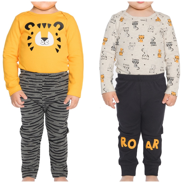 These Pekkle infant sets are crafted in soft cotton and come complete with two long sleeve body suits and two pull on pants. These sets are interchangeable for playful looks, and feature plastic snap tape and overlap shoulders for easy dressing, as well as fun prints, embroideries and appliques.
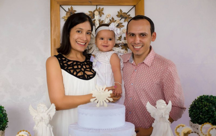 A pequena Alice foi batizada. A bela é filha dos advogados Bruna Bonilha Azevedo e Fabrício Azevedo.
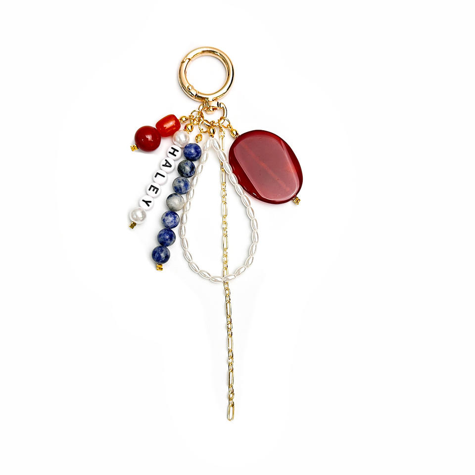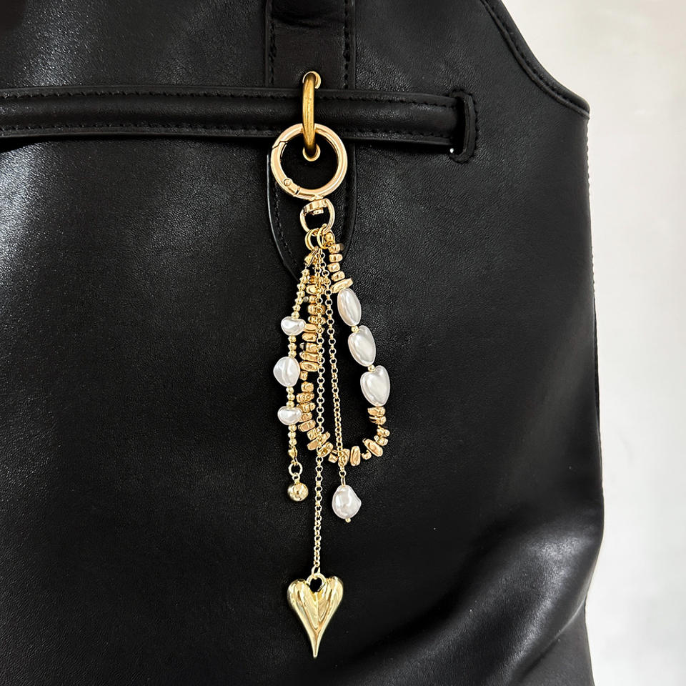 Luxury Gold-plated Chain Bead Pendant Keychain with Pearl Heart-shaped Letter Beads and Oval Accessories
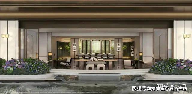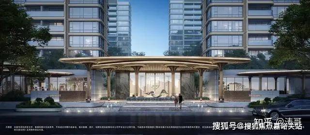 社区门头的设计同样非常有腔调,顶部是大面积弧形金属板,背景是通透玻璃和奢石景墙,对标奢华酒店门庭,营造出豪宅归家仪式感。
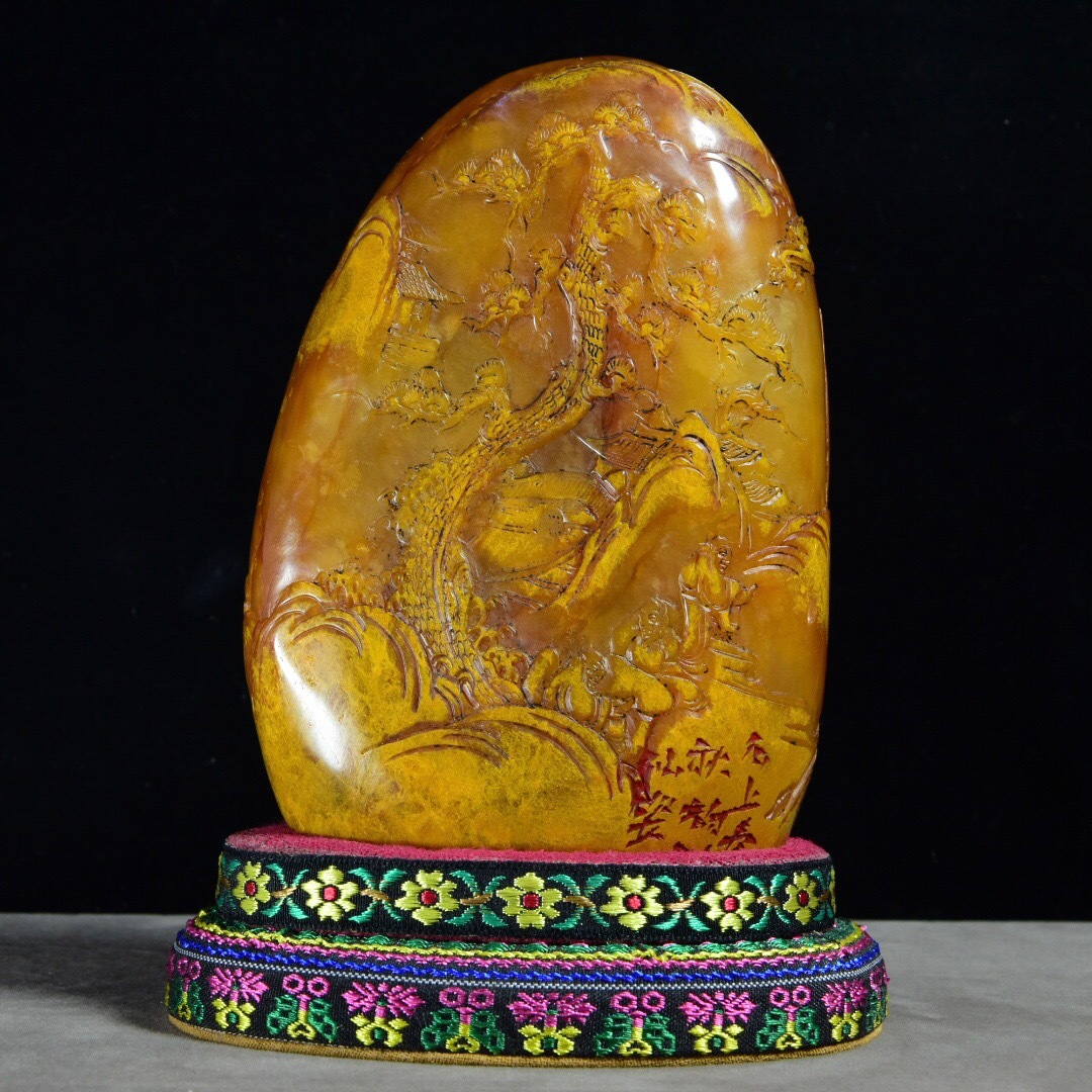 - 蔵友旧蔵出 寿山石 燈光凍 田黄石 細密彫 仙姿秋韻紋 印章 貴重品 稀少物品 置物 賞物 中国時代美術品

§ **TASK DESCRIPTION**: Print, please, exactly the lines from the one holding "A pequena Alice" through the final line of the data, both included, while leaving out each picture.

§ **SOLVED EXERCISE**:
 A pequena Alice foi batizada. A bela é filha dos advogados Bruna Bonilha Azevedo e Fabrício Azevedo.
 Luxury Gold-plated Chain Bead Pendant Keychain with Pearl Heart-shaped Letter Beads and Oval Accessories
 社区门头的设计同样非常有腔调,顶部是大面积弧形金属板,背景是通透玻璃和奢石景墙,对标奢华酒店门庭,营造出豪宅归家仪式感。
 - 蔵友旧蔵出 寿山石 燈光凍 田黄石 細密彫 仙姿秋韻紋 印章 貴重品 稀少物品 置物 賞物 中国時代美術品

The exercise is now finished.